Again, I haven't read Scalia's opinion, but I wonder whether anything in it would indicate that Scalia would take issue with that class definition. I recently litigated a class action with just this sort of "have suffered or will suffer a violation of their rights" definition.

Obviously this doesn't address the Lyons issue, but you note that Scalia doesn't discuss Lyons either.

Publius the Clown said...

Oh, I forgot to finish the thought: the class representatives can be individuals whose rights have already been (allegedly) violated (and were, in the case that I litigated).

Crispian said...

Professor Dorf,

I agree with Hash's allusion your error in presenting a parade of horribles. I skimmed Lyons and while the facts tug at one's heart it seems legally reasonable. There is already a de jure 'injunction' in place against violations of our Constitutional rights or otherwise illegal behavior. It would be pure silliness for courts to issue injunctions against future violations that are merely speculative. Lyons was free to seek legal remedy for the treatment he received. And one purpose of suing is its value as a deterrent.

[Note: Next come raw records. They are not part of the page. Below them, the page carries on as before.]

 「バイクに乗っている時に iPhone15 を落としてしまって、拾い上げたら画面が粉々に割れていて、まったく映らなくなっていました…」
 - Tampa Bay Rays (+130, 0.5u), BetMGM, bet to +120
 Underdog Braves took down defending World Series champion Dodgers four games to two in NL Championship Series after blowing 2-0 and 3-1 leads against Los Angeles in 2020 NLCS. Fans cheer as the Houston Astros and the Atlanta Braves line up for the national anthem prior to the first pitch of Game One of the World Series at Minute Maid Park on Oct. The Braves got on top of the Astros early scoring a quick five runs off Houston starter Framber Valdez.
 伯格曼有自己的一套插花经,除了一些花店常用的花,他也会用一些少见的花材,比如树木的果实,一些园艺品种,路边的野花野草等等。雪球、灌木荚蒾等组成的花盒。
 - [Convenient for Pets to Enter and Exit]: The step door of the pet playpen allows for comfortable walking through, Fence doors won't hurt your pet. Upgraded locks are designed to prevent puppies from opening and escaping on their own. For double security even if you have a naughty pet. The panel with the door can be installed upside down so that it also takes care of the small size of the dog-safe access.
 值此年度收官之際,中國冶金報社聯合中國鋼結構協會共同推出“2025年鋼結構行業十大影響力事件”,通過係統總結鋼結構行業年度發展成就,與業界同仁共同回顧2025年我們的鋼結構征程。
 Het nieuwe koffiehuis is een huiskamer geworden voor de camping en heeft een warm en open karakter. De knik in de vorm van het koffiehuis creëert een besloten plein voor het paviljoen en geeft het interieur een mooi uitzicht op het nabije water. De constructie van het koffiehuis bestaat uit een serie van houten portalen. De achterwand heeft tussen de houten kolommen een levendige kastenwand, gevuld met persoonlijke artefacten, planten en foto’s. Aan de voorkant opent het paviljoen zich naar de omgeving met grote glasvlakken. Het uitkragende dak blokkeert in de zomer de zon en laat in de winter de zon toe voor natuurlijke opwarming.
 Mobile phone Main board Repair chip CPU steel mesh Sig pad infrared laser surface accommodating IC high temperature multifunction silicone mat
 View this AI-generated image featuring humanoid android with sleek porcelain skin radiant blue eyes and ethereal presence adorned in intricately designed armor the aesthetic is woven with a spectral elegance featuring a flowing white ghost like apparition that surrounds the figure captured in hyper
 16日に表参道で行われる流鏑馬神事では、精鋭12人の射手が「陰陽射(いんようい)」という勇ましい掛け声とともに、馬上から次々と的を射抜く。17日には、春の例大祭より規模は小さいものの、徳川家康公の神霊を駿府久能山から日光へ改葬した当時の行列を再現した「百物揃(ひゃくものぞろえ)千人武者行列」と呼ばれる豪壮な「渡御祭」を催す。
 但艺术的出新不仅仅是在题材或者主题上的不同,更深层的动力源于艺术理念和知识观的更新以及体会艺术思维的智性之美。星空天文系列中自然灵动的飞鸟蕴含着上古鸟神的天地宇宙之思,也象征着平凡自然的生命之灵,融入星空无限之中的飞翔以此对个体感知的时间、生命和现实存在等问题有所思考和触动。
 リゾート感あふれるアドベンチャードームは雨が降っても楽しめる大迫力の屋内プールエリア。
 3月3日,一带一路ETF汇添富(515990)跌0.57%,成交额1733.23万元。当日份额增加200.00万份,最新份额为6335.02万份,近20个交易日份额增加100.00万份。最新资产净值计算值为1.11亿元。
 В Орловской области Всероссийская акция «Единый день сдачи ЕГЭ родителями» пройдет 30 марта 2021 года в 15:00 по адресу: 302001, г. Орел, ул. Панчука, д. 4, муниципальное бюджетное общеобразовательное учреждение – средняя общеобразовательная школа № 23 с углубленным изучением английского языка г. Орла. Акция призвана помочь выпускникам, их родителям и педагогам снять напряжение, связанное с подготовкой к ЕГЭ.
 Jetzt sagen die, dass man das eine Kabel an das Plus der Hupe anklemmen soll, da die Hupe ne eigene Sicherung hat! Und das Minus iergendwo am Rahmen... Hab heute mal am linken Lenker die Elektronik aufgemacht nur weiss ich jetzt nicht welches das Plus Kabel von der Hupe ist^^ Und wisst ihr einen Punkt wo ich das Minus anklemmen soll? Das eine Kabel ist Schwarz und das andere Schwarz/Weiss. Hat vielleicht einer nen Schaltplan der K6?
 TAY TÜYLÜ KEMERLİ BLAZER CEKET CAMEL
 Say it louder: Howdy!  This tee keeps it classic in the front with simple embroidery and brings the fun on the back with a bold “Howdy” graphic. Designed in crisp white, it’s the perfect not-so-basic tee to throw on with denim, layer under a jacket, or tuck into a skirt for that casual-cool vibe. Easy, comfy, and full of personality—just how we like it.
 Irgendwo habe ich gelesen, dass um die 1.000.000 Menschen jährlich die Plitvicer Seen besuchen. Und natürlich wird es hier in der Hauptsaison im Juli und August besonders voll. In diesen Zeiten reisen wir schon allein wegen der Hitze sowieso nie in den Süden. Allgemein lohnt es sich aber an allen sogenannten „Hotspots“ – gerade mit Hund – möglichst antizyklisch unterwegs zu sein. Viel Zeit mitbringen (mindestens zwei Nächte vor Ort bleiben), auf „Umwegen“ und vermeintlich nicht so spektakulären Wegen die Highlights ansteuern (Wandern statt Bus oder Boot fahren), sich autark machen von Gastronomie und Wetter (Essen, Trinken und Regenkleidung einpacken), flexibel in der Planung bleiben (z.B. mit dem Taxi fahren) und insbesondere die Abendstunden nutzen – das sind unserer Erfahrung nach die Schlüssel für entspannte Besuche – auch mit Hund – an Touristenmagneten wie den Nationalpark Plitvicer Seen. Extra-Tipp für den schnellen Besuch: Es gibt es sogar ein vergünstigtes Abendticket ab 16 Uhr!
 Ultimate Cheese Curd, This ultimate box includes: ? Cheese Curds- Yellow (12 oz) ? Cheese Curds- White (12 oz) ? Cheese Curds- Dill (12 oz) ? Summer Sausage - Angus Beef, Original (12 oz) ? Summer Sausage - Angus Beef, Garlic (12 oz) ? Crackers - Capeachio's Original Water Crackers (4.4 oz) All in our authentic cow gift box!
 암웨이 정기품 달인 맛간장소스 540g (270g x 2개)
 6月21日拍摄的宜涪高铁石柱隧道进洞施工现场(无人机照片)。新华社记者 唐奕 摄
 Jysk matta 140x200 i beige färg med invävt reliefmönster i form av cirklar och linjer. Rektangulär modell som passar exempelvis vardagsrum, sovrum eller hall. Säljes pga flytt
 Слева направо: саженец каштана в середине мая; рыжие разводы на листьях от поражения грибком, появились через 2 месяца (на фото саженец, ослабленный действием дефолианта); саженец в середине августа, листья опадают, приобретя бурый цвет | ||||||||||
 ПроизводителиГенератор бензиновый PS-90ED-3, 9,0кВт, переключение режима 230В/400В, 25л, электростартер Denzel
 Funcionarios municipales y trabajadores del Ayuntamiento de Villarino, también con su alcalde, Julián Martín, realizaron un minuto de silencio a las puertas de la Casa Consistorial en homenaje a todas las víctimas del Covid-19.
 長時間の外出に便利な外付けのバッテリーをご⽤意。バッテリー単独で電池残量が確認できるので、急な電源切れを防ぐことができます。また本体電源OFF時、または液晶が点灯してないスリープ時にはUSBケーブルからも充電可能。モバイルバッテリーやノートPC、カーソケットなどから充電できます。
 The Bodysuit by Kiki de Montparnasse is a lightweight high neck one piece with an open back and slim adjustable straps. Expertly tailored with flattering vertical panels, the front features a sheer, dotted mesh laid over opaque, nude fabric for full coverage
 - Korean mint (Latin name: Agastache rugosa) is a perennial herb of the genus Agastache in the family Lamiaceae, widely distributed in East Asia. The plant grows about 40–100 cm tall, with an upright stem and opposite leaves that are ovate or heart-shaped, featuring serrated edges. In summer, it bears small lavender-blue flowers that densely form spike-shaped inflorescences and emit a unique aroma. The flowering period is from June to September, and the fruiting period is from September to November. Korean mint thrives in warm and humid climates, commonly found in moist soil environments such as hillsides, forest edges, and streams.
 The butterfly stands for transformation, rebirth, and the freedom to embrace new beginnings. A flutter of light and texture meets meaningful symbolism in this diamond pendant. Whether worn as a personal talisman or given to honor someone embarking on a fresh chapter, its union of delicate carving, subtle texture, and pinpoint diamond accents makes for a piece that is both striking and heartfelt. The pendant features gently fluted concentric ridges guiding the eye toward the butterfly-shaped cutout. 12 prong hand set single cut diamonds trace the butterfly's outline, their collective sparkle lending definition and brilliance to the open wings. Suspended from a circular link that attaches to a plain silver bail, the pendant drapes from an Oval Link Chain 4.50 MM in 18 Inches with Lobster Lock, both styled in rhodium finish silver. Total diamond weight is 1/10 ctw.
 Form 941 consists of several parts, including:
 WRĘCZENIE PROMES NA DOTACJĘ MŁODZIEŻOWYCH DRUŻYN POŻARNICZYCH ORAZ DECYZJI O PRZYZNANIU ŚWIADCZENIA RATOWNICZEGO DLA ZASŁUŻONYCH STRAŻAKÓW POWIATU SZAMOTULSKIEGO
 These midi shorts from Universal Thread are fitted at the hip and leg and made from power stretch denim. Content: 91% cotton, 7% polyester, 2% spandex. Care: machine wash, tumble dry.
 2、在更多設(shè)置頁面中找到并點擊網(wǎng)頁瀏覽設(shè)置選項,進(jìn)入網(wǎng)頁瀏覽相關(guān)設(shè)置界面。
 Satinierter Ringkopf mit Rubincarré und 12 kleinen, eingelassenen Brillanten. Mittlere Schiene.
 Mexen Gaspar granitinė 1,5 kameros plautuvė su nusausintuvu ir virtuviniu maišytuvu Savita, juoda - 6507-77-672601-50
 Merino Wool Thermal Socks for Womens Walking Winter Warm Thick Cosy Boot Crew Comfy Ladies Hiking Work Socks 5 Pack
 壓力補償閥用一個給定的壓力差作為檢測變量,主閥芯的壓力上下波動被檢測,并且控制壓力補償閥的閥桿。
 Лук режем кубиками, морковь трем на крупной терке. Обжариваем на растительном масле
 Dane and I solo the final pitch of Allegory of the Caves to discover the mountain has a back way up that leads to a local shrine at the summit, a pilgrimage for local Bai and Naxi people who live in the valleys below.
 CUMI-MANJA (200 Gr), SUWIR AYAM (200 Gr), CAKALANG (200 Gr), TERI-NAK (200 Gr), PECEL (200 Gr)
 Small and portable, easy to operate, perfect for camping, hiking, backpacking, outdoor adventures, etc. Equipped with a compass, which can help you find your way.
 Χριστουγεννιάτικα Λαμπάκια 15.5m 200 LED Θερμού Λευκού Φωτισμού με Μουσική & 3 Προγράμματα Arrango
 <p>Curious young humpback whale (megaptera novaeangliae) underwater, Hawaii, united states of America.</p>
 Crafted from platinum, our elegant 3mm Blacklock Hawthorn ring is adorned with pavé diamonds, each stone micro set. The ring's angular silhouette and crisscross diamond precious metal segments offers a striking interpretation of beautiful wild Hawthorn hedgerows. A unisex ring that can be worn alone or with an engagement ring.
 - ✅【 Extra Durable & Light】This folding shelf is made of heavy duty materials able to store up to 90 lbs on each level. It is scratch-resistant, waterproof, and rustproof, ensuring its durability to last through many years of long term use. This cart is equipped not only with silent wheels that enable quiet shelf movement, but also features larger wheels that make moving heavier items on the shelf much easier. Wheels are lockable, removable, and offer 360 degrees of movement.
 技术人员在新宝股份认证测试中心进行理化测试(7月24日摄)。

You raise the notion of poisoning prisoners but falsely presuppose such a case could only be heard (according to Scalia) based on an 8th Amendment claim relating to the potential of actually being poisoned. This is also silly. If the state actually adopted the plan of randomly killing prisoners, there would be a violation of due process of all prisoners because all prisoners are subject to the policy (ie merely having one's name in the lottery is the violation). The fact that the state is acting intentionally does matter for purposes of standing. Such a policy would have the effect of terrorizing inmates and thus constitute an 8th Amendment violation.

What I'd appreciate your opinion on is Hash's third observation: "class actions are merely a procedural device for aggregating individually viable claims, not a substantive device that creates a cognizable class-wide claim that would be non-cognizable if brought as myriad individual claims."

Do you think this should not be the case because facts can be ugly?

Michael C. Dorf said...

Crispian: You write "There is already a de jure 'injunction' in place against violations of our Constitutional rights or otherwise illegal behavior." I assume that by "de jure" you really mean "de facto" because, of course there is no actual general-purpose injunction in place against rights violations. Even so, what you say is mistaken for any number of reasons.

1) There is a world of difference between a government actor, even one acting in good faith, knowing that it should not violate the Constitution in a general sense (a de facto injunction) and knowing that specific conduct (such as chokeholds) will result in punishment for contempt of court.

2) Damages actions are often inadequate to stop ongoing rights violations. Individual officers frequently have qualified immunity, states and state agencies have sovereign immunity, and liability on the part of municipalities requires proof of policy or practice, which can be quite difficult. In combination, these doctrines can block or deter all retrospective relief, even when the policy in question violates rights.

3) So, who should have standing to seek to an injunction against unconstitutional conduct that occurs unpredictably to any particular person? The Lyons case effectively says no one should. I disagree. It strikes me that a person who has previously been victimized by the conduct is in the best position to seek to enjoin it in the future.

As to your last question: No, I don't disagree with Hash's statement (taken from Justice Scalia's dissent) that under current law, class actions are merely a procedural device for aggregating otherwise proper suits. I didn't say I disagreed with that proposition.